In another bowl whisk the butter and sugar together using electric beaters until light and fluffy (this will ensure the sponge is light and fluffy). Add the eggs one by one, beating well between each addition. Add the flour and beat again, then the date mixture and give a final mix. Pour into a cake tin or ovenproof dish and bake for 35 minutes.
To make the sauce add the butter, sugar and cream to a thick bottomed pan over a medium heat (a thick bottomed pan is important so the heat is distributed evenly and the sugar doesn’t burn). Leave to melt together then simmer for 4-5 minutes.

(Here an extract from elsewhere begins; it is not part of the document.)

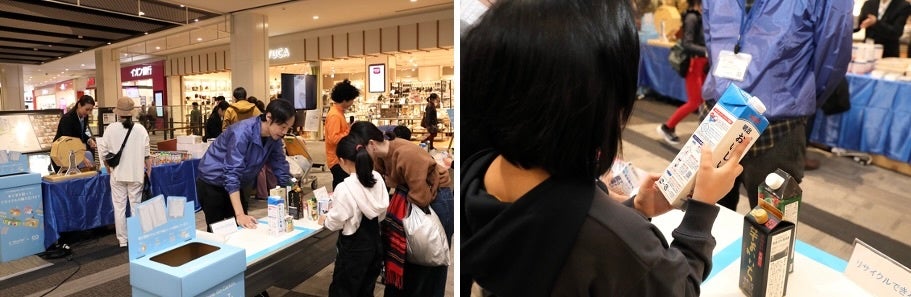 ワークショップ「どれがリサイクルできるかな?紙パックでリサイクルチャレンジ!」の様子

Remove the sponge from the oven and set aside for a couple of minutes. Use a skewer to poke lots of little holes all over the sponge before pouring over ½ of the sauce (this allows the sauce to sink into the sponge, making it extra sticky and moist). Set aside for another couple of minutes so as much sauce is absorbed as possible, then serve up with the extra sauce on the side.
Serve with ice cream, double cream, custard or creme fraiche.